Refrigereco Levis

Mário Mariones
edição 11

Refrigereco Lévis está sóbrio. Deitado de barriga pra cima na cama, procura sua palavra. “MORTO”. Não, essa, não. Essa cai bem pra sua segunda esposa esvaziar na hora do almoço, a evangélica Candiara. Fora embora o mês passado, passada de tanta falta de cacete e emoção. Refrigereco Lévis chorou dois dias, depois não ligou mais. Não sente saudade. Apenas busca a palavra. “MORTO”. Essa não, porra. Ganhara esse apelido, “MMMMMORTO!” certa vez no antigo serviço, de tanto babar cansadão na praça – Refrigereco Lévis era o carteiro mais desengonçado de Cordeirópolis.

Na tevê ligada pugilistas e atores canastrões. Acendendo o baseado, Refrigereco Lévis começa a trafegar por outras vias. Agora são palavras cobertas de ovos podres: interessante soluço lipoaspiração calejado irritado melancia. Seja como for, Refrigero Lévis desliga a tevê. Boceja copiosamente. Quando salta da cama, descobre o milagre.
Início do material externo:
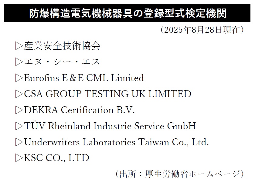 日本電気制御技術工業会(NECA)では防爆委員会を設置し、標準化の推進や防爆安全ガイドブックの作成、「SBA—Ex資格認証制度」などを行っている。

Da vida optou ser o lado mais brejeiro do oceano, das roupas vazias usaria as mais baratas – no mais, ele entrega-se a acessos regulares de melancolia. Não quer trabalhar. Fez um bico digitando um trabalho pra Ritinha. Muito pouco pra um caboclo de 31 anos, morando sozinho na casa herdada dos pais. Coça o saco, esquece Ritinha, retoma a melancolia a molde de ferro úmido. Os olhos então passam por uma palavra em uma velha revista pornô esticada no tapete: pistola. É isso. Na gaveta do criado-mudo. Refrigéreco Levis apaga a luz, acende o milagre. Ninguém na América ligaria para mais um homem sem passado.